Speaker
Description
Semileptonic $B$ decays involving multiple final-state hadrons play a crucial role as backgrounds to studies of lepton flavour universality or recent anomaly observed in $B \rightarrow K\nu\nu$. Furthermore, these poorly understood decays constitute sizeable signal components in measurements of inclusive $B \rightarrow X_{u/c} \ell\nu$ decays and the subsequent extraction of inclusive $V_{xb}$.
Current theoretical models describing decays such as $B\rightarrow D\pi\ell\nu$ or $B\rightarrow \pi\pi\ell\nu$ rarely take contributions beyond dominant resonances into account, while neglecting non-resonant components.
In this talk, we present a novel, model-independent parameterization of three-hadron form factors.

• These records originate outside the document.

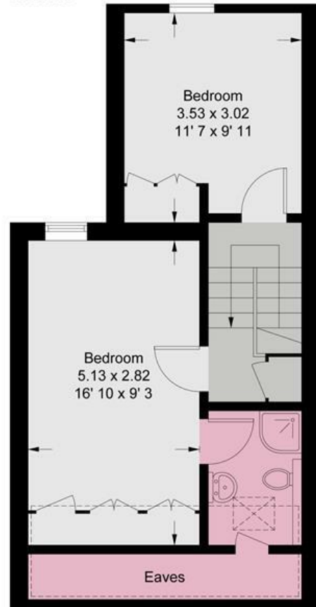
Second Floor 424 sq ft / 39.4 sq m (Including Reduced Headroom / Eaves)

This plan is not to scale and must be used as layout guidance only. All measurements and areas are approximate and should not be relied upon to provide accurate information. This plan must not be relied upon when making property valuations, design considerations or any other such relevant decisions. We accept no responsibility or liability (whether in contract, tort or otherwise) in relation to any loss whatsoever arising from or in connection with any use of this plan or the adequacy, accuracy or completeness of it or any information within it.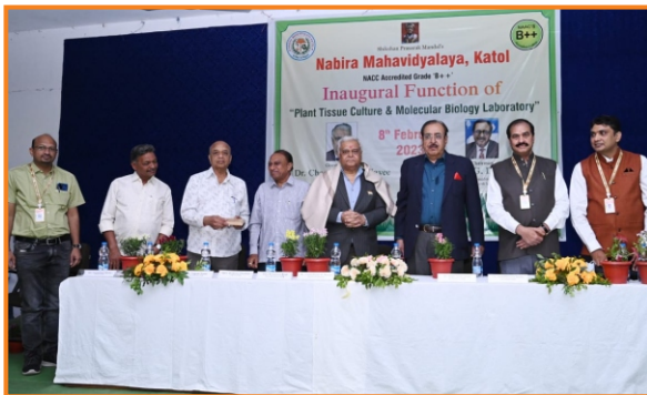
Inaugural Function of " Plant Tissue Culture & Molecular Biology Laboratory" organized by Dept. of Botany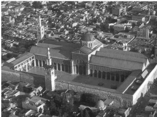
Figure 1. Great Mosque in Damaskus, influenced by the Roman architecture

Islamization of knowledge is a recent term that was developed by contemporary Muslim scholars in order to bridge the gap between Islam and the various fields of modern thought (Figure 1) 1 . Modern disciplines must be critically examined and their philosophical foundations be recast into the Islamic vision, while the Islamic thought should benefit from the recent progress in methodologies, approaches, instrumentations, and progress in new sciences 2 .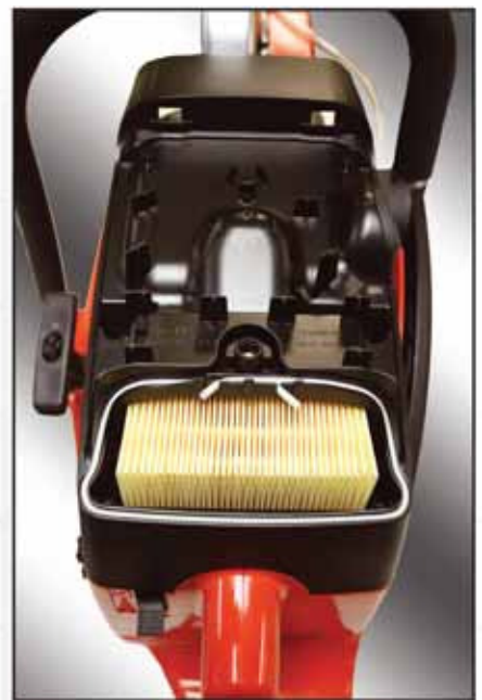
Larger initial foam filter along with upgraded main paper filter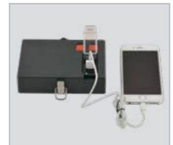
In-built power bank to charge mobile devices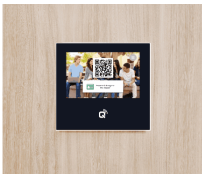
Terminal/Central Managed RFID Solutions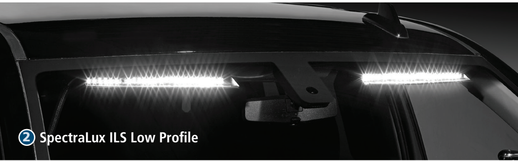
② SpectraLux ILS Low Profile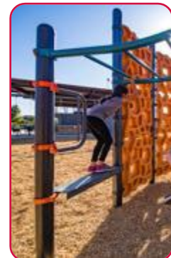
Access/Landing Assembly Seat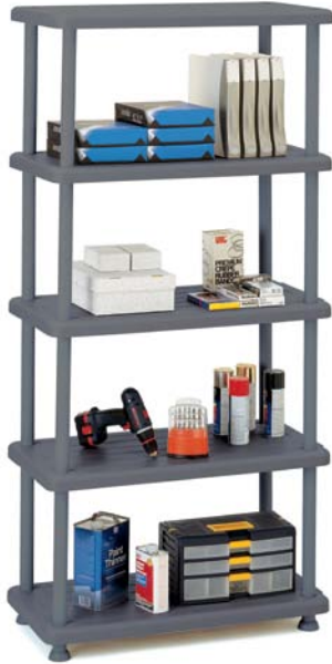
Rough n Ready 5 Shelf in Charcoal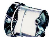
Ø 38 x H 41 mm

This product qualifies for the following listings: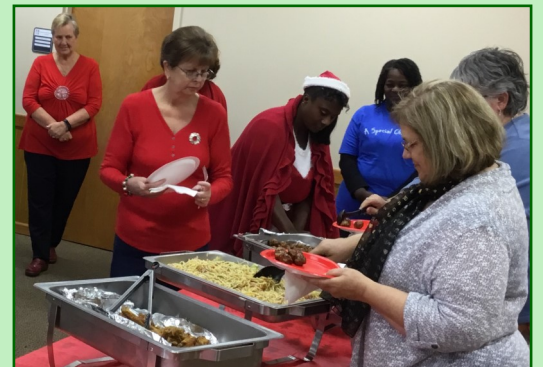
Delicious food enjoyed by all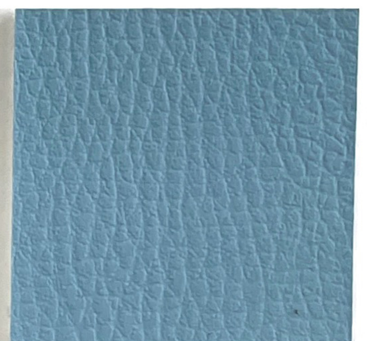
AL 35 Bayside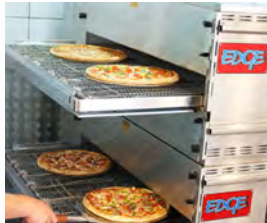
2004: MF&B Restaurant Systems (now Edge Ovens)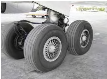
Commercial aircraft tyre pressures can exceed 250 psi

These assemblies can explode with devastating violence, particularly if fire has occurred. Tyre assemblies are best approached from fore or aft.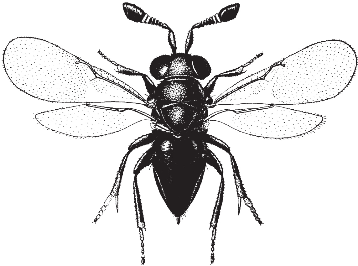
Fig. 2. Tyndarichus melanacis , female habitus [from Erdős, 1964].

Рис. 2. Tyndarichus melanacis , габитус самки [по: Erdős, 1964].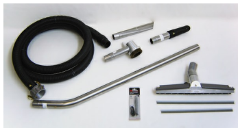
Ø2" (Ø50 mm) Static Dissipative Tools and Accessories - Optional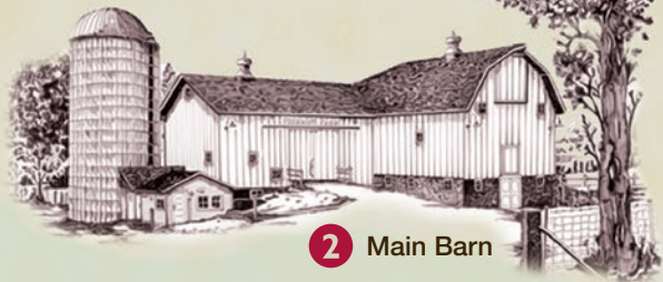
2 Main Barn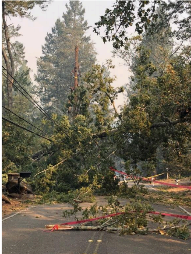
A fallen tree blown onto a de-energized PG&E distribution line (Public Safety Power Shutoff Oct. 26–Nov. 1, 2019 Report, Appx. C, Fig. 6).

Here is a photograph of one such wind-blown tree that, but for the PSPS, would likely have caused a wildfire: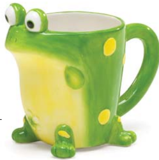
6643-75 Mugs Hand-painted raised ceramic. 10 oz $30.00 set/4. $7.50 ea Qty Ordered _____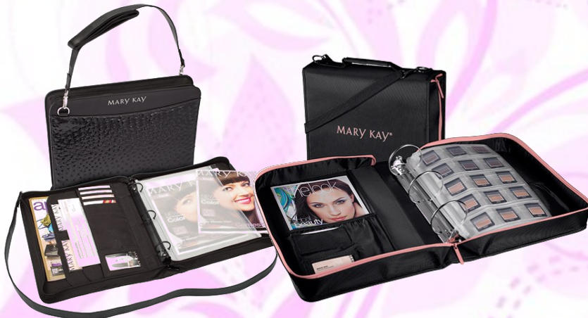
Mary Kay Business Organizer & Sample Organizer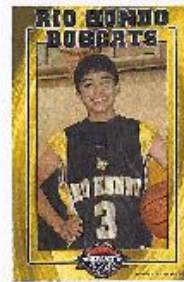
11 x 17 Posters $10.00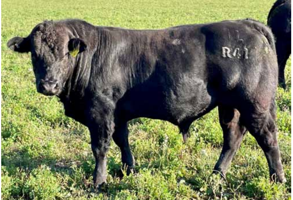
LOT 14 HARLEES ROCK (HP*) (B) (PN) (AA)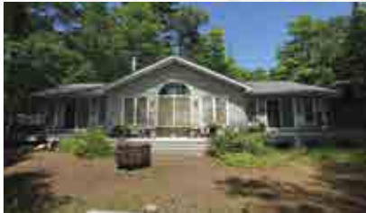
REDSTONE LAKE Welcome to paradise! 3 bedroom + 2 bath cottage. Situated on extremely private lot, gorgeous views W/South west exp. Many recent upgrades! MLS 209069 | $1,499,000

The challenge is the dependence of the form-factors on two additional variables beyond the usual $q^2$-dependence: they can be chosen to correspond to the invariant mass and the helicity angle of the final state hadron system. Using dispersive methods we derive a systematic expansion in all three kinematic variables, generalizing the standard $z$-expansion, and bound the expansion coefficients through unitarity. Our method treats the two-hadron lineshapes in a model-independent manner using Omnès functions, thus allowing for a data-driven determination of all expansion parameters.